OLAP (online analytical processing)
OLAP (online analytical processing) is a computing method that enables users to easily and selectively extract and query data in order to analyze it from different points of view. OLAP business intelligence queries often aid in trends analysis, financial reporting, sales forecasting, budgeting and other planning purposes.
For example, a user can request that data be analyzed to display a spreadsheet showing all of a company's beach ball products sold in Florida in the month of July, compare revenue figures with those for the same products in September and then see a comparison of other product sales in Florida in the same time period.
How OLAP systems work
To facilitate this kind of analysis, data is collected from multiple data sources and stored in data warehouses then cleansed and organized into data cubes. Each OLAP cube contains data categorized by dimensions (such as customers, geographic sales region and time period) derived by dimensional tables in the data warehouses. Dimensions are then populated by members (such as customer names, countries and months) that are organized hierarchically. OLAP cubes are often pre-summarized across dimensions to drastically improve query time over relational databases.
Analysts can then perform five types of OLAP analytical operations against these multidimensional databases:
- Roll-up. Also known as consolidation, or drill-up, this operation summarizes the data along the dimension.
- Drill-down. This allows analysts to navigate deeper among the dimensions of data, for example drilling down from "time period" to "years" and "months" to chart sales growth for a product.
- Slice. This enables an analyst to take one level of information for display, such as "sales in 2017."
- Dice. This allows an analyst to select data from multiple dimensions to analyze, such as "sales of blue beach balls in Iowa in 2017."
- Pivot. Analysts can gain a new view of data by rotating the data axes of the cube.
OLAP software then locates the intersection of dimensions, such as all products sold in the Eastern region above a certain price during a certain time period, and displays them.

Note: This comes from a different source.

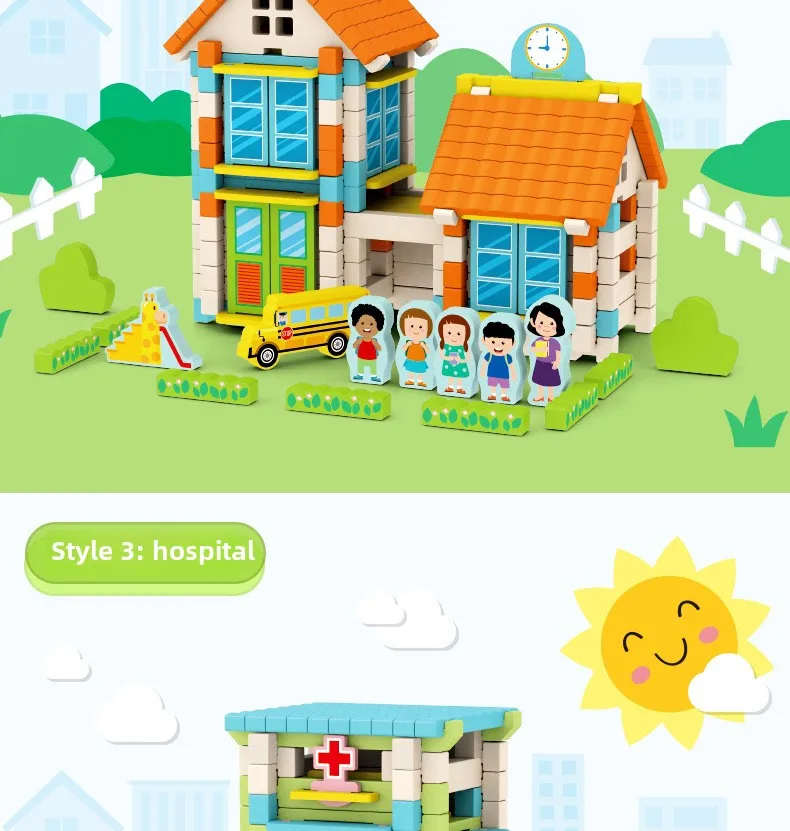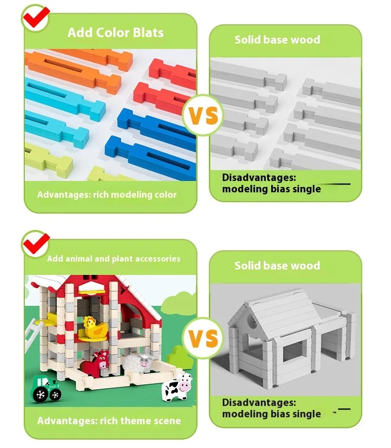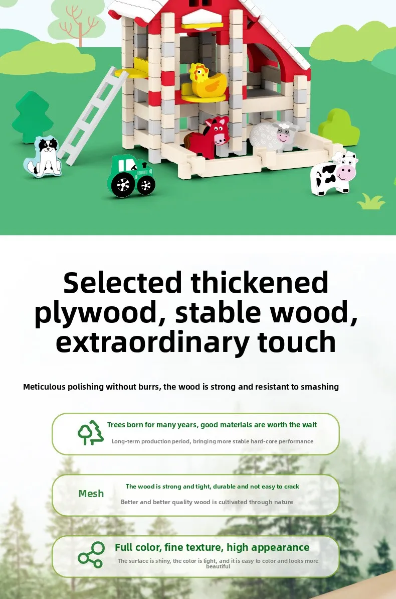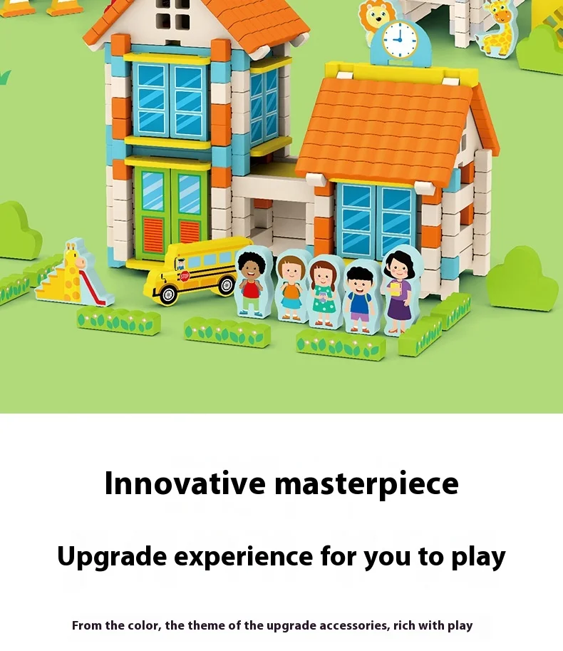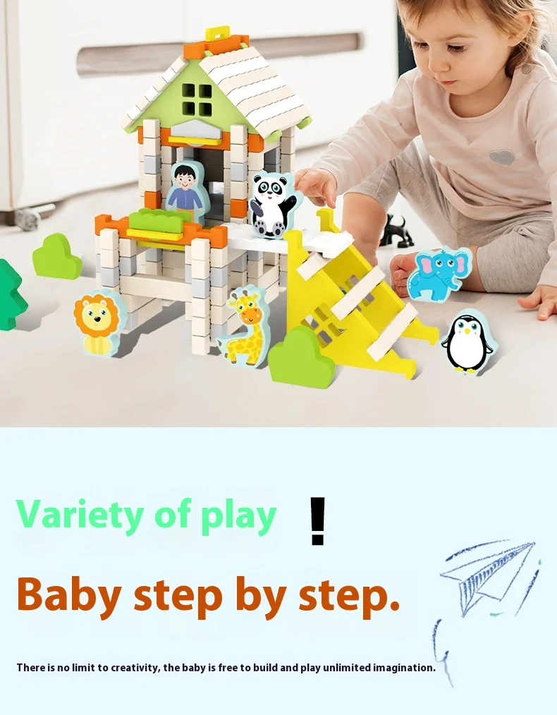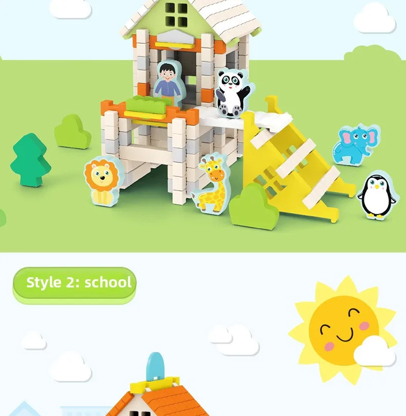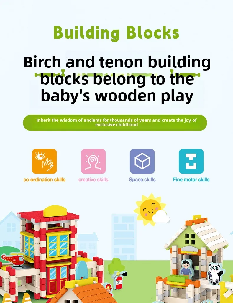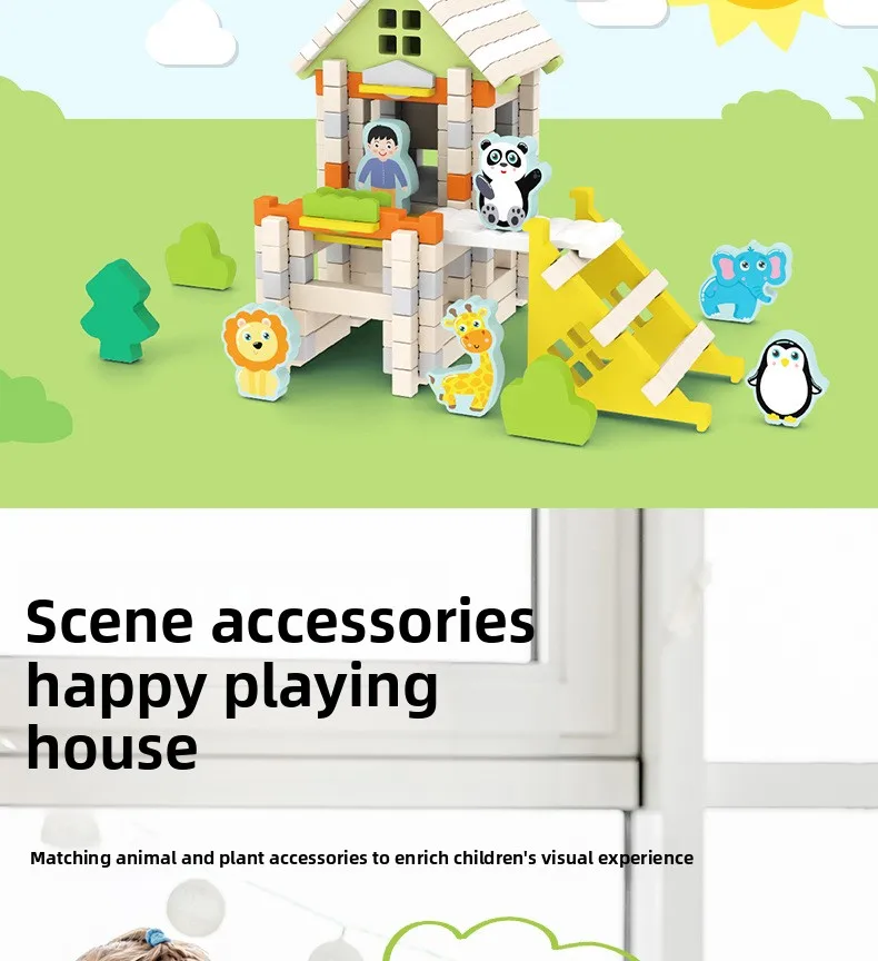 Wooden Cabin Building Blocks Children Early Education Mortise Tenon Kids Hand-Assembled Model House Toy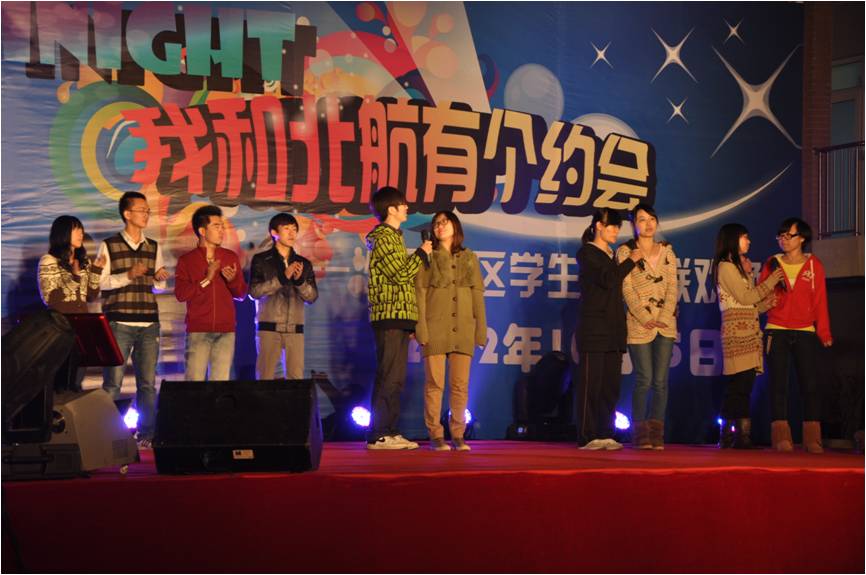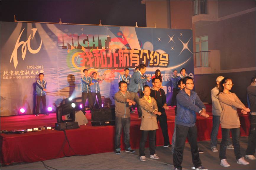 10月23日至27日,为了迎接北航60周年校庆, “I Love Beihang”校庆嘉年华系列狂欢活动在公司路和沙河两个校区闪亮登场。我公司与人文社会科学公司共同承办了由校团委主办的“iNight——我和北航有个约会”沙河校区员工校庆联欢晚会,整个晚会活动由两个公司分团委共同策划、组织,其中公司辅导员张文浩担任晚会执行总导演,辅导员李轩昂担任晚会节目的负责人,公司员工会承担了从晚会筹办、节目预审、晚会当天的组织工作、后勤工作等的大部分艰巨任务。

The result is the "measure"; each OLAP cube has at least one to perhaps hundreds of measures, which are derived from information stored in fact tables in the data warehouse.

Types of OLAP systems
OLAP (online analytical processing) systems typically fall into one of three types:
Multidimensional OLAP (MOLAP) is OLAP that indexes directly into a multidimensional database.
Relational OLAP (ROLAP) is OLAP that performs dynamic multidimensional analysis of data stored in a relational database.
Hybrid OLAP (HOLAP) is a combination of ROLAP and MOLAP. HOLAP was developed to combine the greater data capacity of ROLAP with the superior processing capability of MOLAP.

Uses of OLAP
OLAP can be used for data mining or the discovery of previously undiscerned relationships between data items. An OLAP database does not need to be as large as a data warehouse, since not all transactional data is needed for trend analysis. Using Open Database Connectivity (ODBC), data can be imported from existing relational databases to create a multidimensional database for OLAP.
OLAP products include IBM Cognos, Oracle OLAP and Oracle Essbase. OLAP features are also included in tools such as Microsoft Excel and Microsoft SQL Server's Analysis Services). OLAP products are typically designed for multiple-user environments, with the cost of the software based on the number of users.